The US Treasury market is experiencing a debate over direction: is the Middle East conflict an inflationary threat or a drag on growth? As market sentiment subtly shifts, this question is leaving bond traders torn.
US Treasuries extended their rebound on Tuesday, with the two-year yield edging lower and the ten-year yield retreating significantly from last week's eight-month high. A nuanced change in market mood is emerging—investors are beginning to interpret the Middle East conflict more as a downside risk to global growth rather than purely an inflationary pressure, with safe-haven demand once again supporting US bonds. Meanwhile, sharp swings in oil prices during the day further heightened market uncertainty.
However, this shift does not imply that the direction is clear. The core dilemma facing traders is that the war simultaneously pushes up inflation expectations and recession risks. These two opposing forces are pulling the market in different directions, making it difficult to form a consensus and further clouding the Federal Reserve's policy path.
Market sentiment is shifting, with safe-haven logic regaining dominance. US Treasuries rose for a second consecutive day on Tuesday. The two-year yield fell by 1 basis point to 3.82%, after having declined by 8 basis points the previous day. The ten-year yield dropped by 2 basis points to 4.33%, notably lower than last week's peak of 4.48%.
Despite this, the two-year yield has still climbed over 40 basis points since the outbreak of the war and is on track for its largest monthly increase since October 2024, indicating that market pricing for inflationary pressures has not fully subsided.
Andrew Ticehurst, Senior Strategist at Nomura Australia, noted, "Over the past few days, we've seen a change in market thinking. Initially, the focus was on the inflationary impact of the Middle East conflict, but I believe the market is now starting to consider more the downside risks to growth." Sharon Bell, Senior European Equity Strategist at Goldman Sachs, also pointed out in an interview with Bloomberg Television that even if the conflict ends quickly, the economic negative effects of a war with Iran would persist.
Oil prices experienced significant volatility on Tuesday, becoming a major source of market disruption. Prices surged intraday following reports that an Iranian drone struck a Kuwaiti oil tanker near Dubai, but then pared gains after The Wall Street Journal reported that former President Trump had indicated to advisors a willingness to end military action against Iran even if the Strait of Hormuz remains largely closed.

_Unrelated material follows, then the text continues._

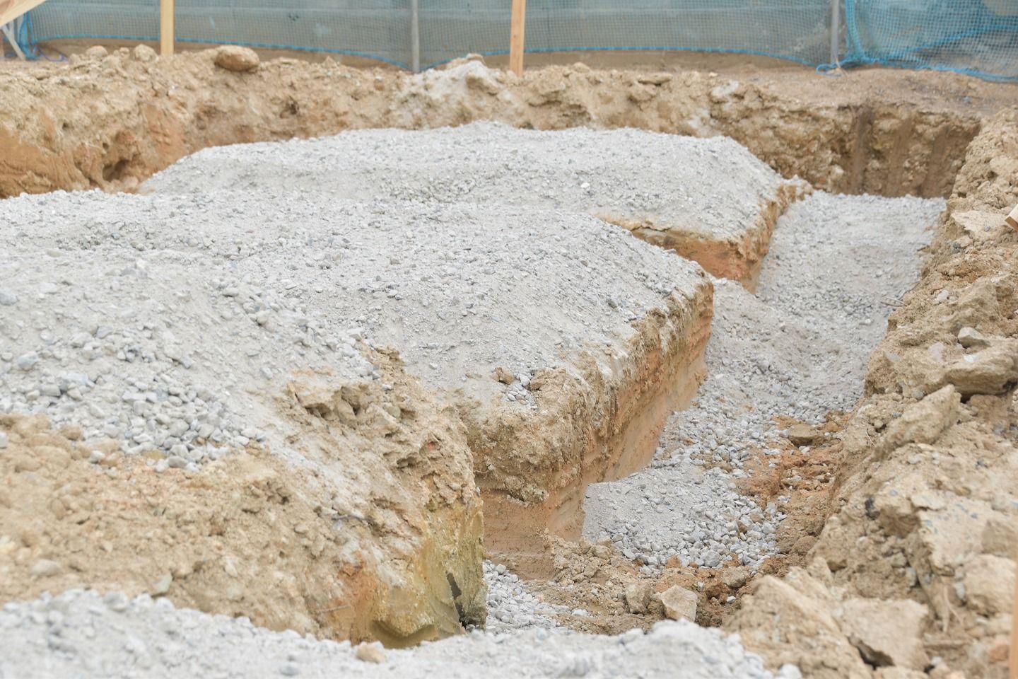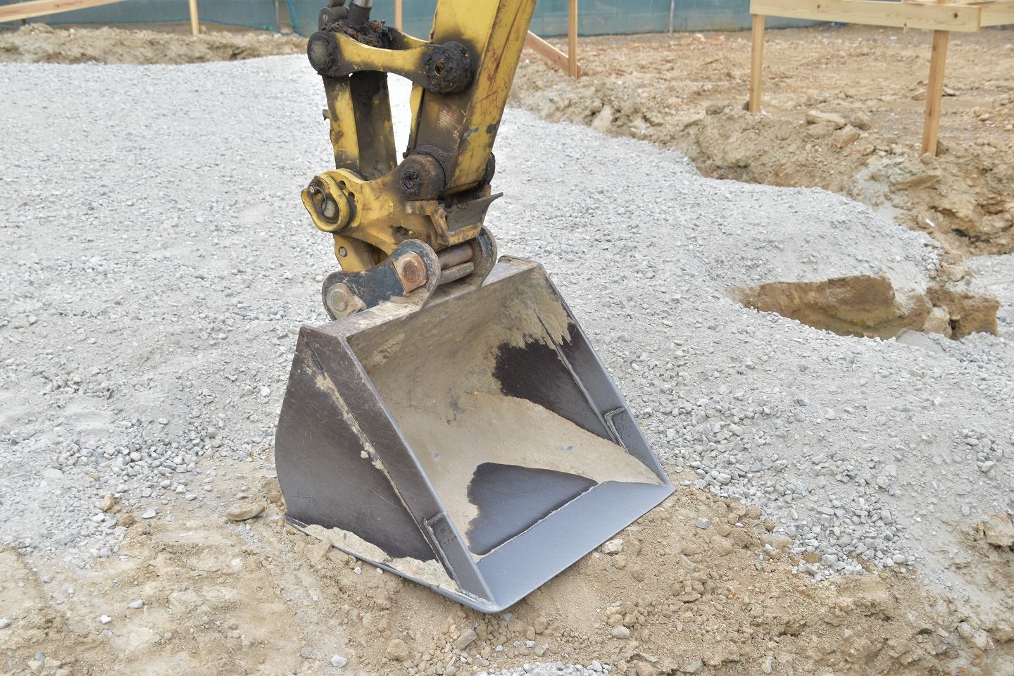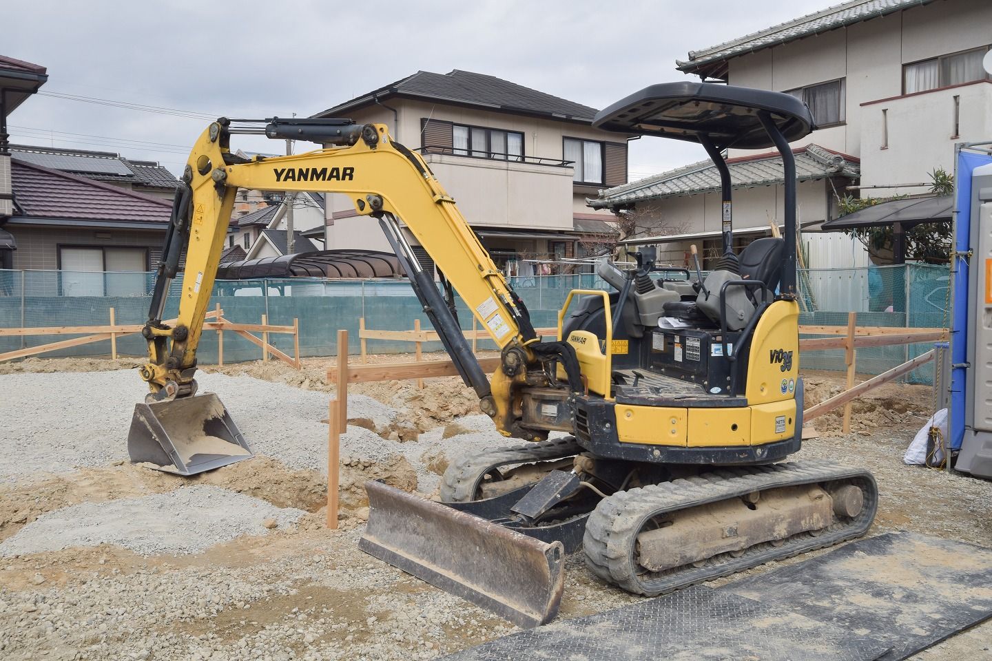 ▼遣り方の次に、現在ショベルカーによって行われている作業が、「根切(ねぎり)」と「砕石(さいせき)」です。根切とは図面で決められた建物の形に合わせて、地面を掘削する作業。深さ・幅を正確に掘っていきます。その後に砕石です。砕石を敷くことにより、地盤は平坦になり、安定が増し、建物の沈下を防ぐ効果があります。

This news reflects high uncertainty regarding global energy supply prospects. The Strait of Hormuz is a critical global oil transit route, and its operational status directly influences global energy prices, thereby tilting the balance between inflation and growth expectations.
The deeper conflict facing the market lies in the war triggering both inflationary and recessionary risks simultaneously, severely limiting policy response options. Win Thin, Chief Economist at Brown Brothers Harriman, stated bluntly, "The market is swinging between inflation panic—yields rising—and growth slowdown panic—yields falling. This is the essence of the stagflation dilemma: there is no simple policy solution, making it hard for the market to decide whether to focus on 'stagnation' or 'inflation'."
Currently, traders are betting that the Federal Reserve will keep interest rates unchanged within the 3.5% to 3.75% range this year, with only a small probability priced in for a 25-basis-point rate cut by mid-2027.
Federal Reserve Chair Jerome Powell stated on Monday that long-term inflation expectations appear anchored for now, but the Fed is closely monitoring the impact of the war. Fed Vice Chair for Supervision Michelle Bowman and Governor Michael Barr are scheduled to speak Tuesday evening, and markets will be looking for further clues on the interest rate path.